WHAT THE TASK REQUIRES =>
No pictures go into the output, which should consist only of the lines from the first line of the data through the line with "Contemporary Warmth with", copied exactly.

Collected data
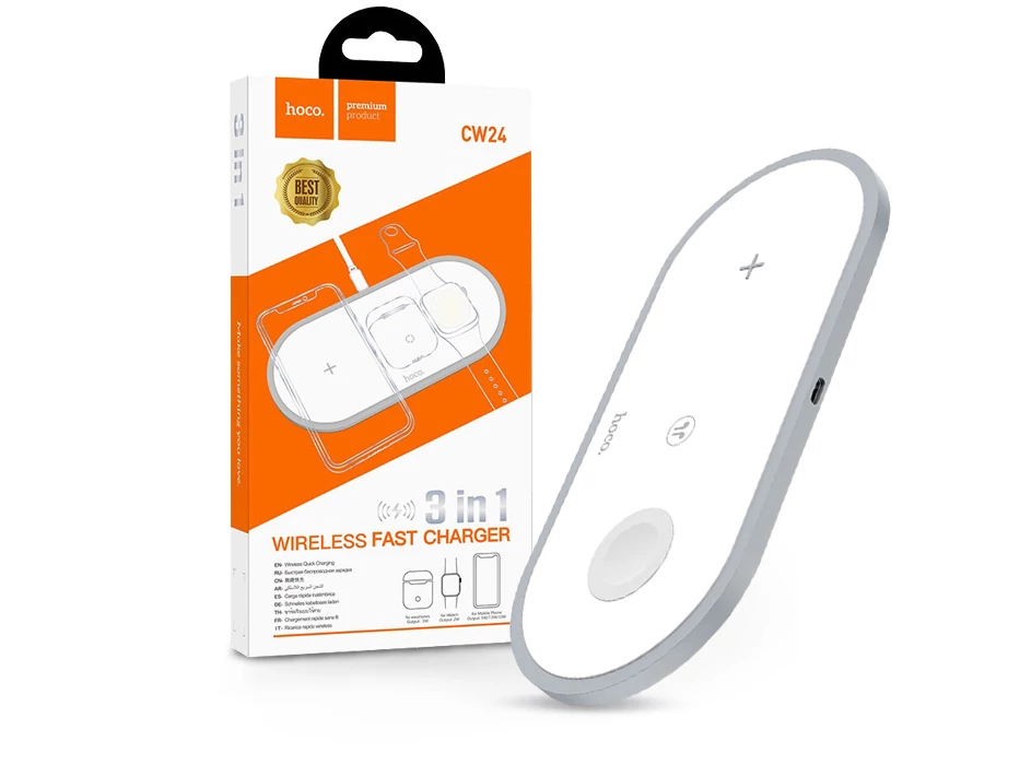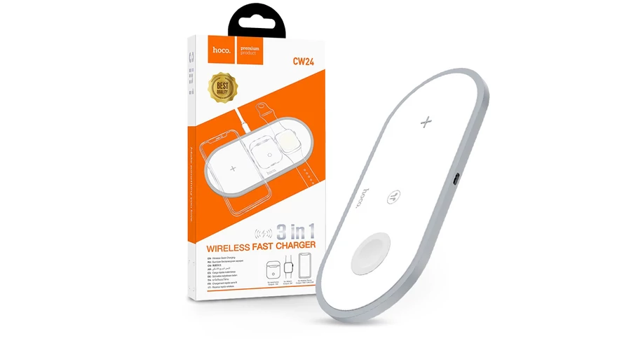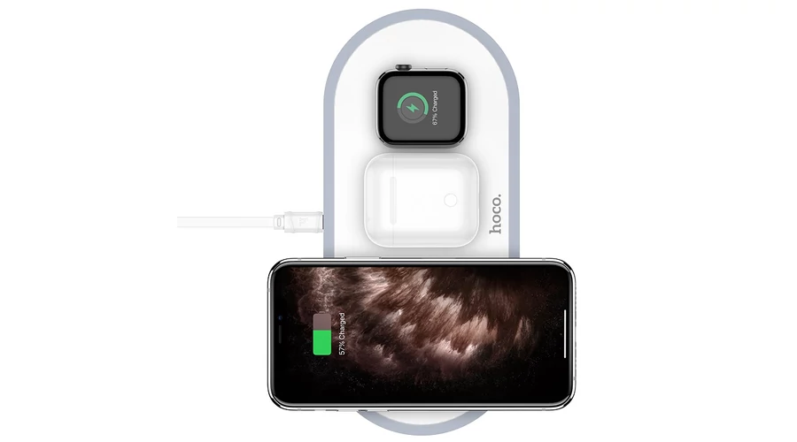 - HOCO CW24 Handsome 3 az 1-ben vezeték nélküli töltő mobiltelefonok / intelligens karóra / headset töltésére
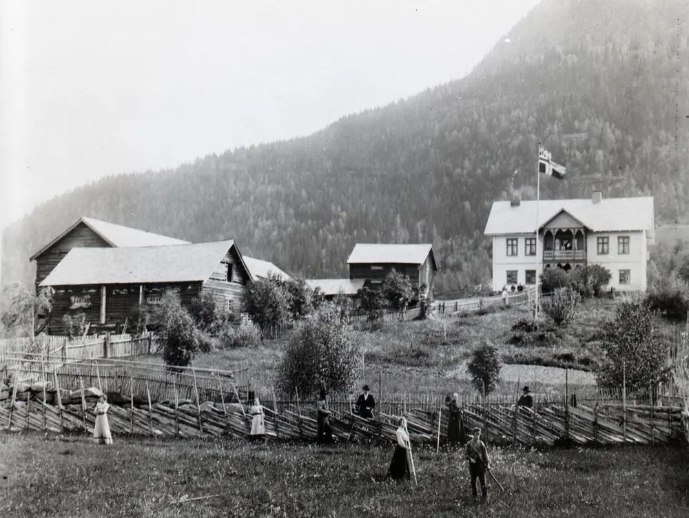 Fotoarkivar Bettina Walser Garmann presenterer fotoarkivet ved Valdres Folkemuseum. Her er eit mangfaldig utval av bilete frå heile Valdres, av menneske og landskap, kvardag og fest. Bettina vil òg gje gode tips til korleis ein best mogleg kan nytte søkeverktøyet på DigitaltMuseum.no. Fotoet over er tatt fyrst på 1900-talet, under ei slåttonn på Øvre Nes på Fagernes. Ukjent fotograf. VFF 4-000062.
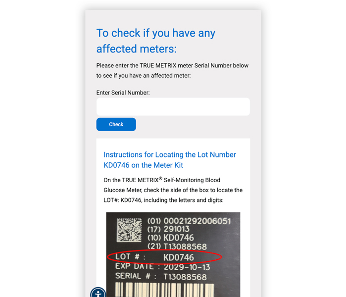 Trividia Health, a major manufacturer in the diabetes testing device industry, issued a product recall after identifying defects in select glucose meters. To support affected customers and reduce friction during the recall process, the company needed a simple, reliable way for users to determine whether their device was impacted. I developed a responsive, browser-based recall lookup tool that allows customers to check their meter’s status by entering a serial number.
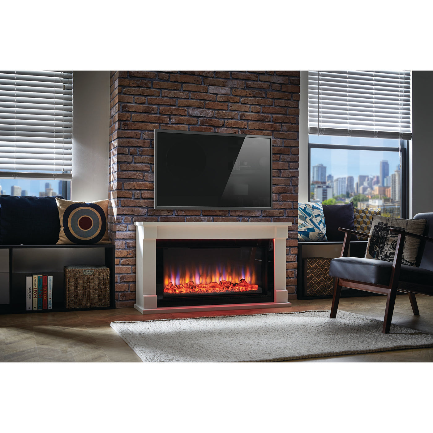 Contemporary Warmth with LED Mood Lighting. Immerse yourself in the serene beauty and functionality of the Suncrest Bradbury-Ambience Electric Fireplace Suite. This low-level unit, with its sleek textured white finish, brings a contemporary elegance to any room, offering both aesthetic appeal and practical warmth. At its core lies a landscape electric fire that captures attention with its realistic log effect and adjustable flame brightness, providing the allure of a traditional fireplace without any maintenance concerns.
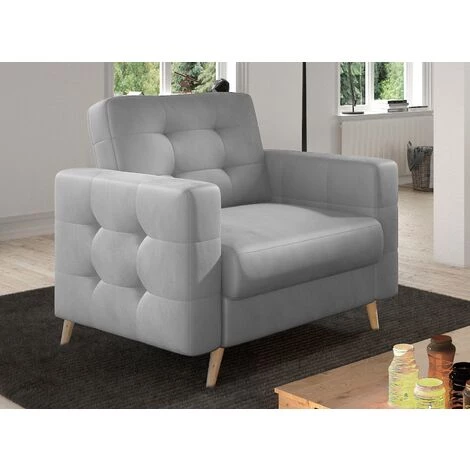 Le fauteuil en velours matelassé gris clair Anska au design classique enrichira n’importe quel espace de la maison. Le fauteuil a une assise profonde et lisse, un matelassage décoratif sur les pieds et à l’arrière du meuble. L’ensemble est incroyablement léger, grâce aux pieds en bois tourné, qui ajoutent une dimension élégante. Ce fauteuil, selon vos préférences, peut être placé dans une chambre, un salon ou un bureau. Il est disponible dans une large gamme de couleurs. Coloris : gris clair et naturelLongueur : 107 cmProfondeur : 92 cmProfondeur d’assise : 46 cmHauteur : 86 cmHauteur du fauteuil sans coussins : 73 cmHauteur d’assise : 44 cmHauteur des pieds : 10 cmPoids : 33 kgRevêtement : velours italien haute qualité – 100% polyester – Garnissage poids : 330 g/m². – Résistance du revêtement à l’abrasion – Imperméable – Tissu inflammable et anti-taches – Traitement hydrofuge et anti-taches – Les coussins sont amovibles et déhoussables – Lavage en machine à froid 30° ou à la mainMatière et densité dossier assise : – Assise : Mousse polyester 30 kg/m³ HR – Dossier et accoudoirs : 25 kg/m³ HR – Rembourrage : Ressort ondulé Mousse de haute qualité et hautement élastiquePiétement: bois hêtre naturelFabrication européenne – Garantie 5 ansLivraison par 1 livreur dans la pièce de votre choix sur prise de RDV à votre convenance.1 colis de 108x85x93 cmNous ne livrons pas en Corse.
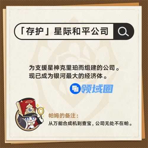4、「存护」星际和平公司。为支援星神克里珀而组建的公司。现已成为银河最大的经济体。
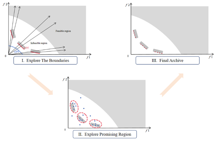 1.提出了一种新的有希望区域边界搜索策略,该策略通过双种群分别在忽略约束条件和考虑约束条件的情况下探索有希望区域的上下边界。边界信息探索过程有助于种群跨越不可行区域,通过利用潜在的不可行解来帮助种群探索约束Pareto前沿,从而提高种群的多样性和收敛性。
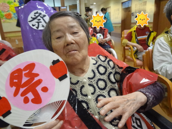 スタッフ・ご利用者様全員で着用(#^.^#)盆踊りって感じですね\(-o-)/
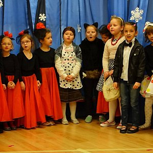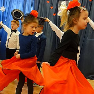 Mali aktorzy świetnie oddali wszystkie emocje targające młodą parą. Następnie po słowach A. Rosiewicza "Czterdzieści lat minęło, jak jeden dzień" przenieśliśmy się w przyszłość, oglądając zabawną scenkę z życia sędziwych dziadków. Taniec to ulubiona aktywność artystyczna Naszych przedszkolaków, dlatego też wytańczyliśmy twista oraz tango. Wielokrotnie na sali wybuchały salwy śmiechu, ale również pojawiło się wiele łez wzruszenia i dumy.
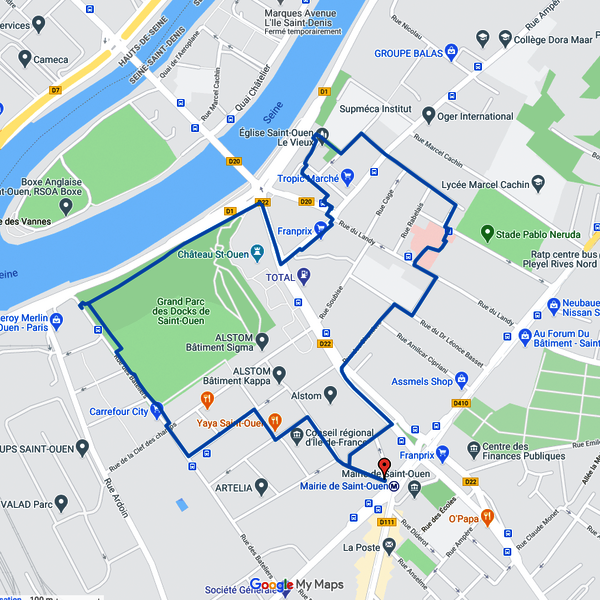 Ce quartier est amené à devenir après les Jeux un nouveau quartier de vie avec des espaces publics végétalisés, apaisés et accessibles à tous les Audoniens. Après un départ prévu au niveau du centre administratif et social Fernand Lefort, vous longerez la Manufacture Design, construite dans l’une des anciennes halles historiques d’Alstom, puis le grand parc des Docks de Saint-Ouen et ses 12 hectares d’espaces verts en bordure de Seine, venus réhabiliter cet ancien quartier industriel aux portes de Paris. Le parcours, prenant la forme d’une boucle vous fera enfin passer par l’église de Saint-Ouen-le-Vieux construite au XIIème siècle, avant de revenir à votre point de départ.

YOUR SOLUTION =>
 - HOCO CW24 Handsome 3 az 1-ben vezeték nélküli töltő mobiltelefonok / intelligens karóra / headset töltésére
 Fotoarkivar Bettina Walser Garmann presenterer fotoarkivet ved Valdres Folkemuseum. Her er eit mangfaldig utval av bilete frå heile Valdres, av menneske og landskap, kvardag og fest. Bettina vil òg gje gode tips til korleis ein best mogleg kan nytte søkeverktøyet på DigitaltMuseum.no. Fotoet over er tatt fyrst på 1900-talet, under ei slåttonn på Øvre Nes på Fagernes. Ukjent fotograf. VFF 4-000062.
 Trividia Health, a major manufacturer in the diabetes testing device industry, issued a product recall after identifying defects in select glucose meters. To support affected customers and reduce friction during the recall process, the company needed a simple, reliable way for users to determine whether their device was impacted. I developed a responsive, browser-based recall lookup tool that allows customers to check their meter’s status by entering a serial number.
 Contemporary Warmth with LED Mood Lighting. Immerse yourself in the serene beauty and functionality of the Suncrest Bradbury-Ambience Electric Fireplace Suite. This low-level unit, with its sleek textured white finish, brings a contemporary elegance to any room, offering both aesthetic appeal and practical warmth. At its core lies a landscape electric fire that captures attention with its realistic log effect and adjustable flame brightness, providing the allure of a traditional fireplace without any maintenance concerns.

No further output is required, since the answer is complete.